Source data
+++

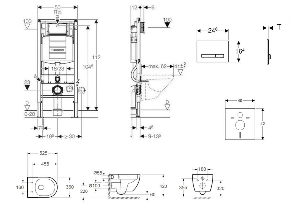 - pro závěsná WC s připojovacími rozměry podle EN 33:2011
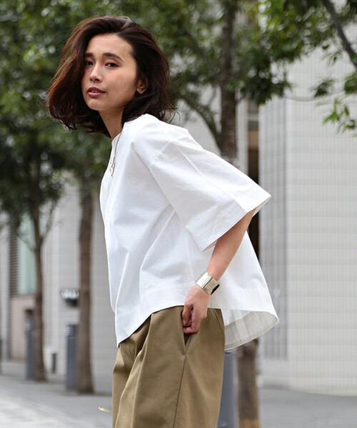 爽やかにコットンパンツと合わせてコーディネートするのもオススメです!
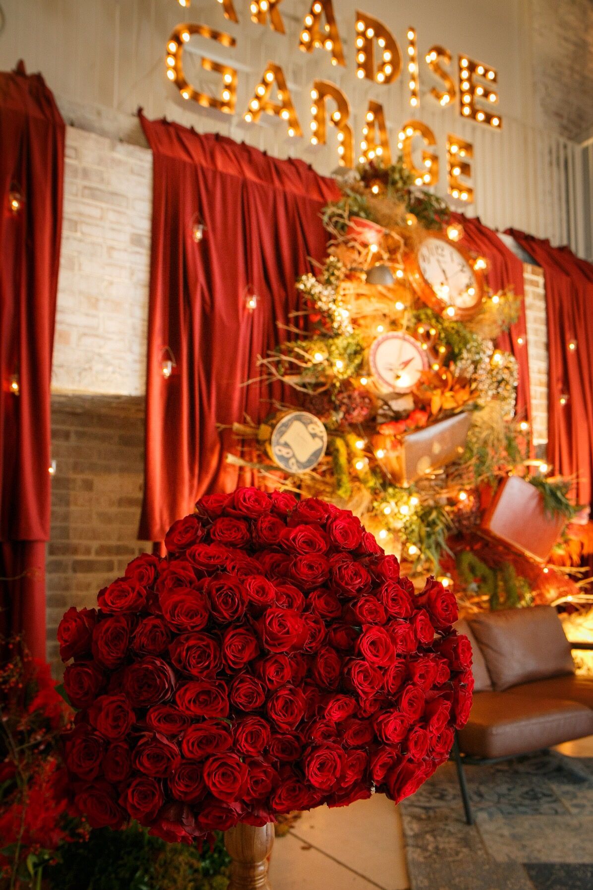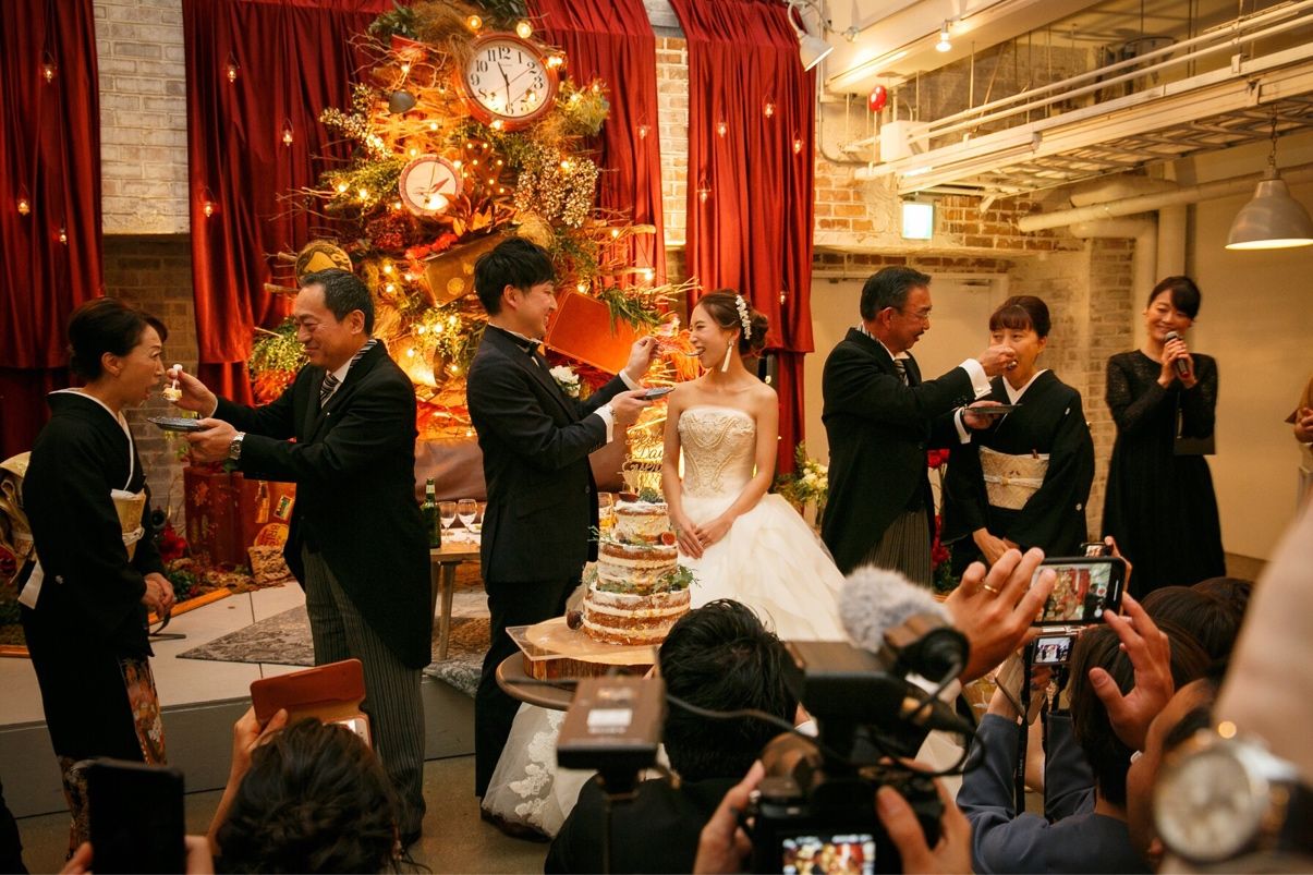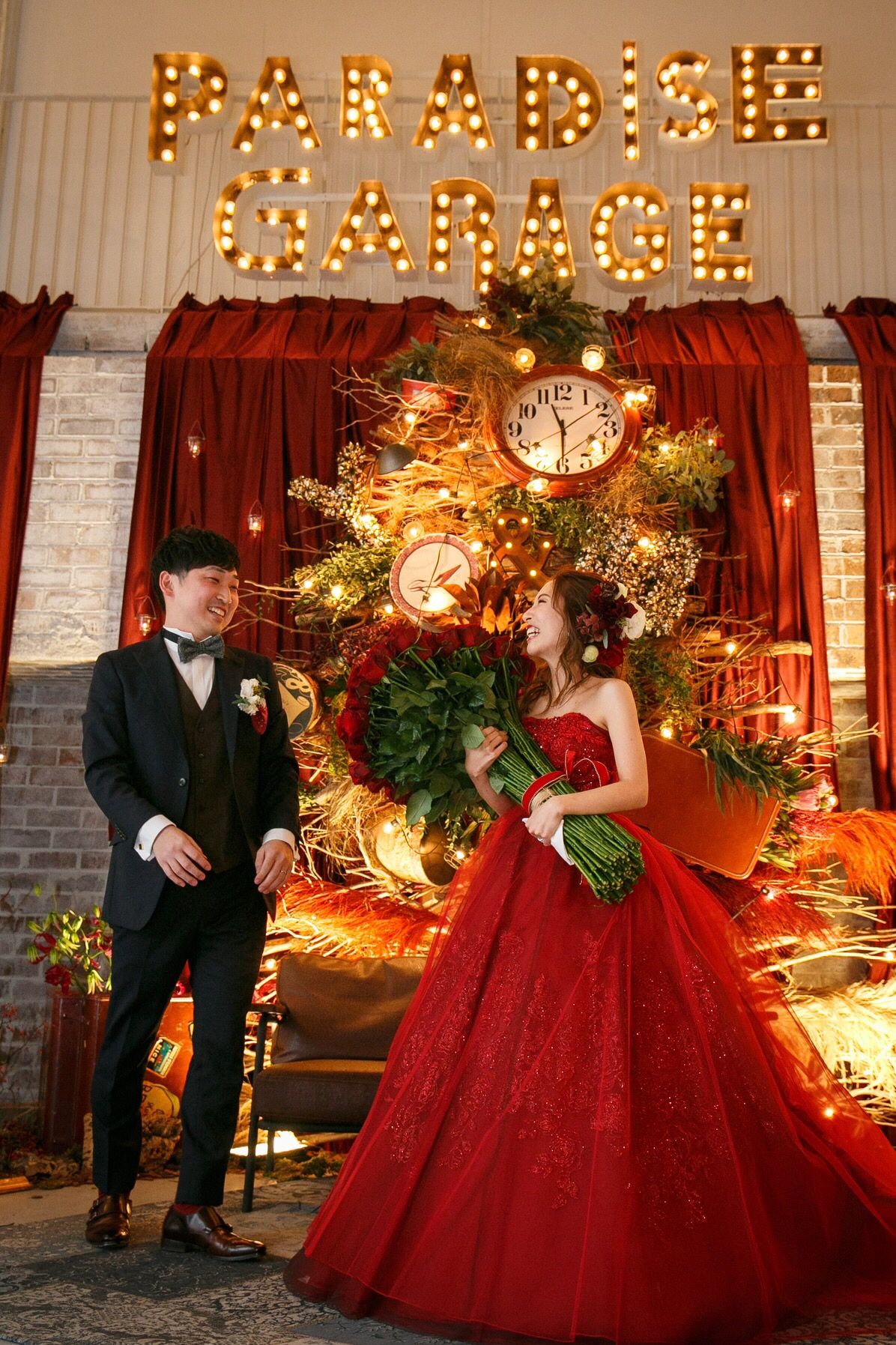 テーマカラーのレッドを主体にクリスマス要素を取り入れたインパクトのある高砂をつくっていただきました。演出もたくさん入れてエンターテイメント性を重視しました!
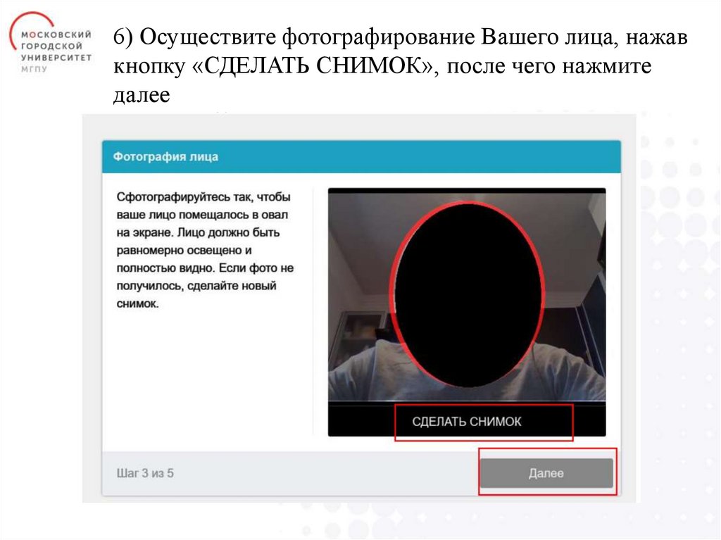 6) Осуществите фотографирование Вашего лица, нажавкнопку «СДЕЛАТЬ СНИМОК», после чего нажмите
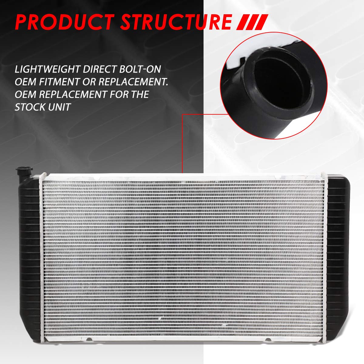 This Aluminum Core Radiator is designed to provide maximum cooling efficiency to prevent premature engine failure. Its lightweight, and high-heat transferring aluminum features a tube and fin design that, dramatically increases surface area that enables the heat to dissipate more efficiently.Package Included:1 X RadiatorThis product is compatible with:Compatible with Chevy/GMC C2500 K2500 1991-2000Compatible with Chevy/GMC C2500 K2500 Suburban 1992-1999Compatible with Chevy/GMC C3500 K3500 1988-2000Fits Models with 7.4L EngineFits Automatic Transmission Models
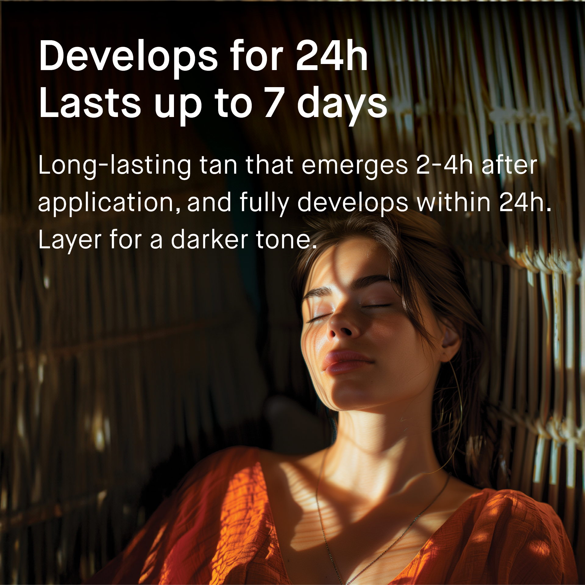 - Für optimale Ergebnisse beginnen Sie mit der Anwendung mindestens eine Woche vor dem Sonnenbad. Setzen Sie die Anwendung während des Sonnenbads fort. Um Ihre Bräune zu verlängern, verwenden Sie das Produkt einige Wochen nach dem Sonnenbad oder so lange Sie möchten.
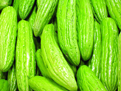 苦瓜(學(xué)名:Momordica charantiaL.)葫蘆科苦瓜屬植物,一年生攀援狀柔弱草本,多分枝;莖、枝被柔毛。卷須纖細(xì),不分歧。葉柄細(xì)長;葉片膜質(zhì),上面綠色,背面淡綠色,葉脈掌狀。雌雄同株。雄花花梗纖細(xì),被微柔毛;苞片綠色,稍有緣毛;花萼裂片卵狀披針形,被白色柔毛;花冠黃色,裂片被柔毛;雄蕊離生。雌花單生,
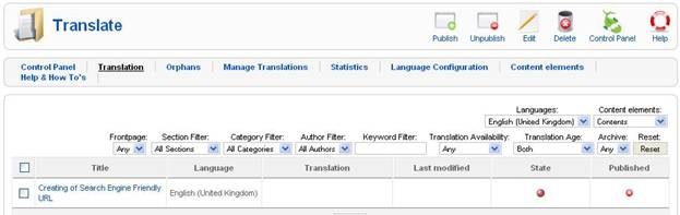 Note: Besides content translation, Joomla allows to translate title, aliases and other labels for the selected element.
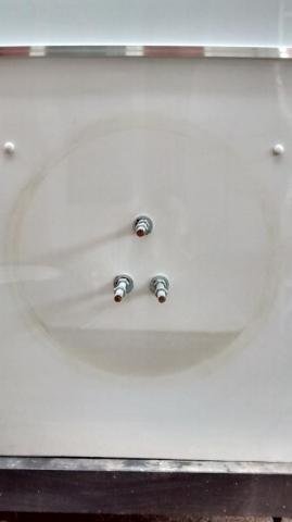 I put the accurate description of my problem in the subject line, but I really just wanted to type, "Help!!" I noted this happening this spring, but forgot entirely as the Scamp sat for most of the summer. In getting it polished up for a fall trip, I realized that water had collected behind the spare, along with a good deal of grime. The picture shows it after I took the magic eraser sponge and "Awesome" cleaner to it. I'm afraid it's under the surface for good. (bad)
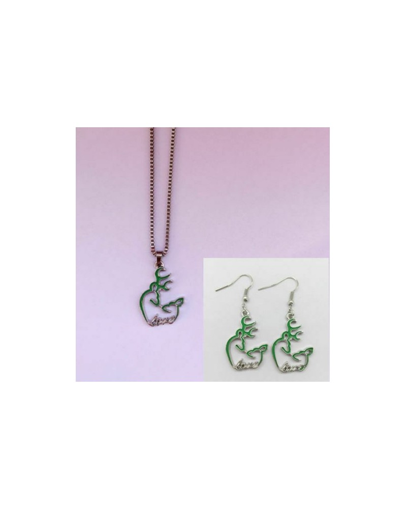 Nincs szín - 1 készlet Heart Lover Browning Szarvas nyaklánc és fülbevaló divatékszer nők (zöld)
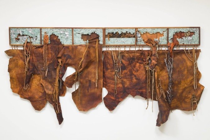 Além de Eiro, Sanvoy traz Lucidez de fuga, trabalho no qual utiliza cacos de vidro temperado em alusão ao material encontrado em prédios de grande porte, como bancos e shoppings. "Uso esse material quase como uma espécie de ironia, esse material que permite a passagem do olhar, mas delimita ambientes. É a ideia de lucidez de fuga, tanto de perda de luz, quanto de uma construção complicada de sociedade", avisa. O caco de vidro também traz uma intenção de pensar as ruínas e vem mesclado a estruturas de couro que, para o artista, remetem à superfície de um corpo. "E esse corpo cria uma relação com esses objetos em vidro. Às vezes, o couro resiste, às vezes sofre um corte. Então tem esse embate desses materiais", diz Sanvoy.
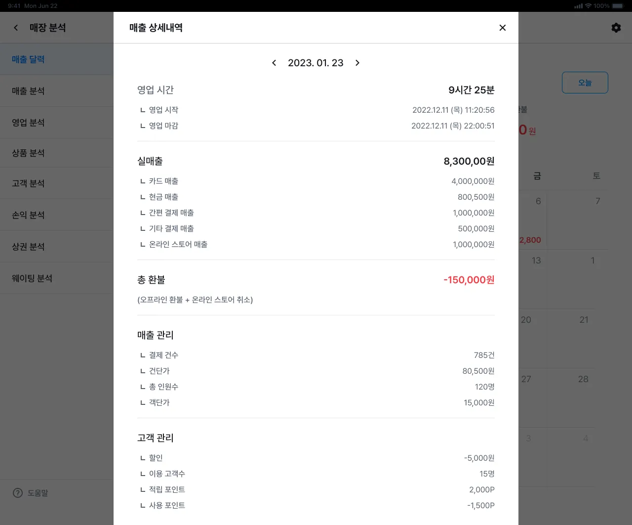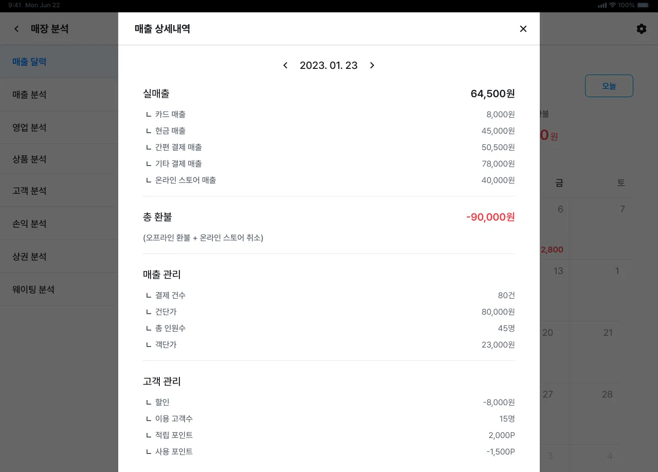 캘린더를 누르면 해당 날짜의 실매출과 총 환불, 매출 관리, 고객 관리를 확인할 수 있습니다.
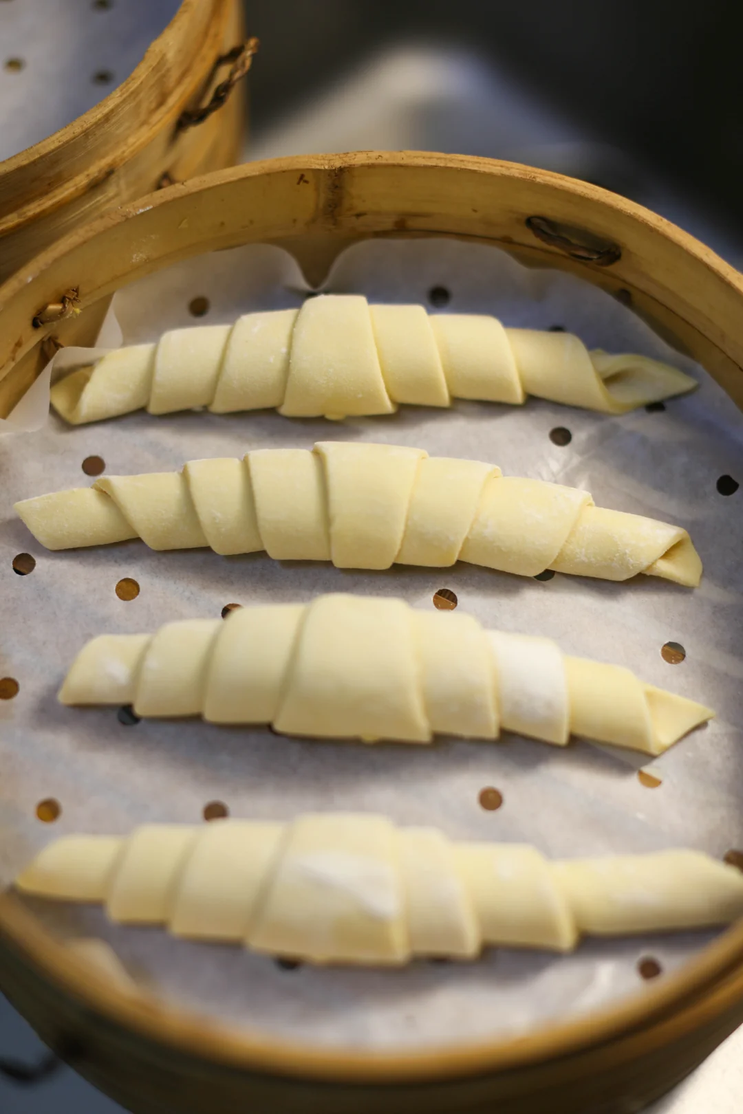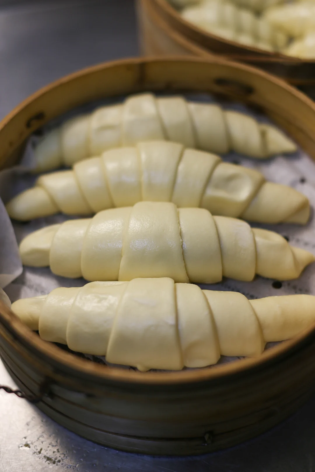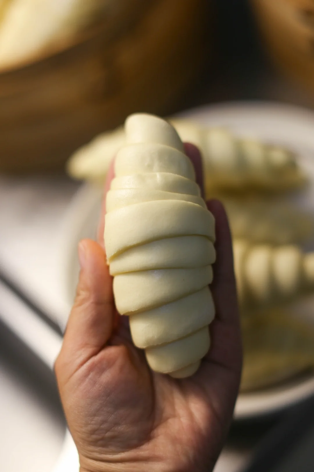 掀开锅盖的刹那,乳白的蒸汽携着纯粹的麦香与奶香,扑面而来。牛角馒头们泛着柔和的象牙白光泽,表皮光滑,身形饱满。趁热拿起一个,手感是轻盈的蓬松。

+++

Work task
Return only the lines running from the start of the entries above to the line that contains "6) Осуществите фотографирование", inclusive, and omit every picture.

Solution for this task
 - pro závěsná WC s připojovacími rozměry podle EN 33:2011
 爽やかにコットンパンツと合わせてコーディネートするのもオススメです!
 テーマカラーのレッドを主体にクリスマス要素を取り入れたインパクトのある高砂をつくっていただきました。演出もたくさん入れてエンターテイメント性を重視しました!
 6) Осуществите фотографирование Вашего лица, нажавкнопку «СДЕЛАТЬ СНИМОК», после чего нажмите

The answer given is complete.